Mais je connaissais l'art de l'insinuation de Françoise, le parti qu'elle savait tirer d'une mise en scène significative, et je ne peux croire qu'elle ait résisté à faire comprendre quotidiennement à Albertine le rôle humilié que celle-ci jouait à la maison, à l'affoler par la peinture, savamment exagérée, de la claustration à laquelle mon amie était soumise. J'ai trouvé une fois Françoise, ayant ajusté de grosses lunettes, qui fouillait dans mes papiers et en replaçait parmi eux un où j'avais noté un récit relatif à Swann et à l'impossibilité où il était de se passer d'Odette. L'avait-elle laissé traîner par mégarde dans la chambre d'Albertine ? D'ailleurs, au-dessus de tous les sous-entendus de Françoise, qui n'en avait été en bas que l'orchestration chuchotante et perfide, il est vraisemblable qu'avait dû s'élever, plus haute, plus nette, plus pressante, la voix accusatrice et calomnieuse des Verdurin, irrités de voir qu'Albertine me retenait involontairement, et moi elle volontairement, loin du petit clan.
Quant à l'argent que je dépensais pour Albertine, il m'était presque impossible de le cacher à Françoise, puisque je ne pouvais lui cacher aucune dépense. Françoise avait peu de défauts, mais ces défauts avaient créé chez elle pour les servir de véritables dons qui souvent lui manquaient hors l'exercice de ces défauts. Le principal était la curiosité appliquée à l'argent dépensé par nous pour d'autres qu'elle. Si j'avais une note à régler, un pourboire à donner, j'avais beau me mettre à l'écart, elle trouvait une assiette à ranger, une serviette à prendre, quelque chose qui lui permît de s'approcher. Et si peu de temps que je lui laissasse, la renvoyant avec fureur, cette femme qui n'y voyait presque plus clair, qui savait à peine compter, dirigée par ce même goût qui fait qu'un tailleur en vous voyant suppute instinctivement l'étoffe de votre habit et même ne peut s'empêcher de la palper, ou qu'un peintre est sensible à un effet de couleurs, Françoise voyait à la dérobée, calculait instantanément ce que je donnais.
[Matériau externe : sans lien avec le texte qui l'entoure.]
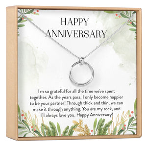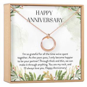 Anniversary Gift Quote: I'm so grateful for all the time we've spent together. As the years pass, I only become happier to be your partner! Through thick and thin, we can make it through anything. You are my rock, and I'll always love you. Happy Anniversary!
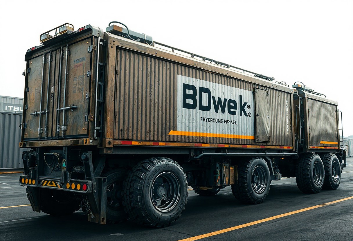 1 vehicle, cyberpunk industrial trailer. large wheels. Cargo containers on wheels. Logo label "BDwerks®" written on the side View from above.
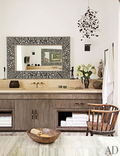 Ζεστά γήινα χρώματα, ξύλο και γυαλί αποκαλύπτουν τον αυθόρμητο και ανοιχτό χαρακτήρων των ιδιοκτητών. Στο εξωτερικό ο κήπος με τη λίμνη και η πισίνα προκαλούν ζηλόφθονα βλέμματα.
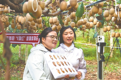 近日,奉新县赤岸镇城下村下梅组万亩猕猴桃基地,县“E旗红”新媒体协会成员正在帮助果农进行直播带货。
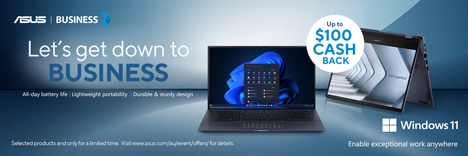 Get up to $100 cashback when you purchase selected ASUS Business products.
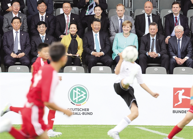 习近平和彭丽媛同默克尔共同观看中德青少年足球友谊赛。习近平指出,中德两国足球合作正在不断深入推进。提高足球水平是一项系统工程,中方愿同德方加强足球领域全方位交流合作。相信在双方共同努力下,中德足球合作一定会结出更多硕果。
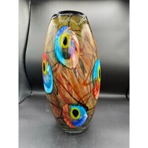 Dale Tiffany Large Art Glass Vase. Beautiful striking color scheme!! Preowned but in like new condition!! No chips or cracks!! Striking decorative accent for any room!! Amazing value for a high quality piece!!
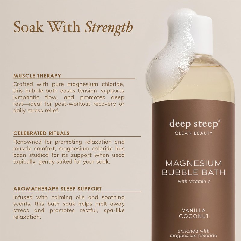 Deep Steep Magnesium Bubble Bath, 15.6 oz – Foaming Soak with Magnesium, Coconut Oil, Aloe, Vitamin C, Shea Butter & Argan Oil – Vegan, Clean Beauty for Stress & Sleep (Brown Sugar Vanilla)
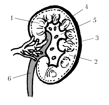Рис. 1. Почка в разрезе:1 — наружный (корковый) слой; 2 — внутренний (мозговой) слой; 3 — пирамидки; 4 — почечные чашечки; 5 – почечная лоханка; 6 – мочеточник
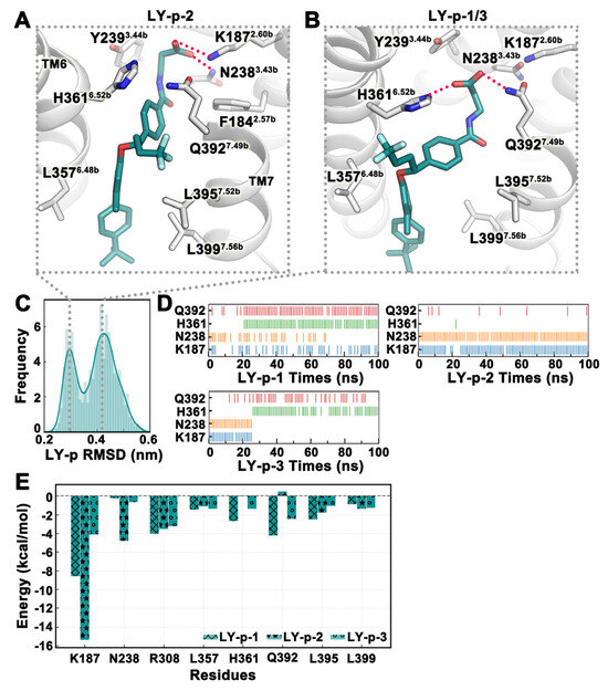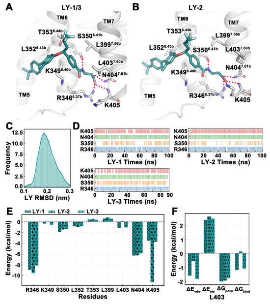 Studies [17] had shown that LY2409021 competed with MK-0893 in concentration-dependent binding. We used the binding conformation of LY2409021 in Pocket 2 as a template to build the MD system and simulated a total of three trajectories, each running for 100 ns, 100 ns, and 90 ns, respectively. The last 20 ns of trajectories were selected for analysis. From the frequency profile of LY2409021 RMSD, there was only one binding mode for the small molecule (Figure 5C). Analysis of the trajectories also showed that although the binding mode of LY2409021 was the same in each trajectory and formed hydrogen bonds with R3466.37b, S3506.41b, N4047.61b, and K405, the side chain of K405 in trajectory LY-2 ‘warped’ and formed hydrogen bonds with the carboxyl group of LY2409021 (Figure 5A,B). The hydrogen bonds formed by LY2409021 with residues R3466.37b, N4047.61b, and K405 were all stable over time, while the frequency of hydrogen bonds formed with S3506.41b fluctuated, especially in LY-1 and LY-2 trajectories (Figure 5D). The binding free energy of the three trajectories in the last 20 ns was −47.85 ± 4.09 kcal/mol. The binding free energies of each trajectory were −43.87 kcal/mol, −56.02 kcal/mol, and −43.66 kcal/mol, respectively. Except for the electrostatic energy of the LY-2 trajectory (−18.92 kcal/mol), which was relatively negative, van der Waals energy and polar solvation energy were similar for all three trajectories (Table 3). From the perspective of energy decomposition, the energy contributions of key residues in the three trajectories were not significantly different. Specifically, the contribution of K405 in trajectory LY-2 was significant, which may be related to the side chains of K405 being close to LY2409021 and forming hydrogen bonds with them (Figure 5E). Moreover, the contribution of L4037.60b to binding free energy in trajectory LY-2 was positive, while its contribution to binding energy in trajectories LY-1 and LY-3 was negative. This was because the side chain of L4037.60b in trajectory LY-2 deviated, and its contribution to van der Waals energy was not as significant as in trajectories LY-1 and LY-3 (Figure 5F).

Si, pour qu'elle ne pût pas dire à Albertine que je corrompais son chauffeur, je prenais les devants et m'excusant du pourboire disais : « J'ai voulu être gentil avec le chauffeur, je lui ai donné dix francs », Françoise, impitoyable et à qui son coup d'oeil de vieil aigle presque aveugle avait suffi, me répondait : « Mais non, Monsieur lui a donné quarante-trois francs de pourboire. Il a dit à Monsieur qu'il y avait quarante-cinq francs, Monsieur lui a donné cent francs et il ne lui a rendu que douze francs. » Elle avait eu le temps de voir et de compter le chiffre du pourboire que j'ignorais moi-même.
Si le but d'Albertine était de me rendre du calme, elle y réussit en partie, ma raison, d'ailleurs, ne demandait qu'à me prouver que je m'étais trompé sur les mauvais projets d'Albertine, comme je m'étais peut-être trompé sur ses instincts vicieux. Sans doute je faisais, dans la valeur des arguments que ma raison me fournissait, la part du désir que j'avais de les trouver bons. Mais pour être équitable et avoir chance de voir la vérité, à moins d'admettre qu'elle ne soit jamais connue que par le pressentiment, par une émanation télépathique, ne fallait-il pas me dire que si ma raison, en cherchant à amener ma guérison, se laissait mener par mon désir, en revanche en ce qui concernait Mlle Vinteuil, les vices d'Albertine, ses intentions d'avoir une autre vie, son projet de séparation, lesquels étaient les corollaires de ses vices, mon instinct avait pu, lui, pour tâcher de me rendre malade, se laisser égarer par ma jalousie ? D'ailleurs sa séquestration, qu'Albertine s'arrangeait elle-même si ingénieusement à rendre absolue, en m'ôtant la souffrance, m'ôta peu à peu le soupçon et je pus recommencer, quand le soir ramenait mes inquiétudes, à trouver dans la présence d'Albertine l'apaisement des premiers jours. Assise à côté de mon lit, elle parlait avec moi d'une de ces toilettes ou de ces objets que je ne cessais de lui donner pour tâcher de rendre sa vie plus douce et sa prison plus belle, tout en craignant parfois qu'elle ne fût de l'avis de cette Mme de La Rochefoucauld, répondant à quelqu'un qui lui demandait si elle n'était pas aise d'être dans une aussi belle demeure que Liancourt, qu'elle ne connaissait pas de belle prison.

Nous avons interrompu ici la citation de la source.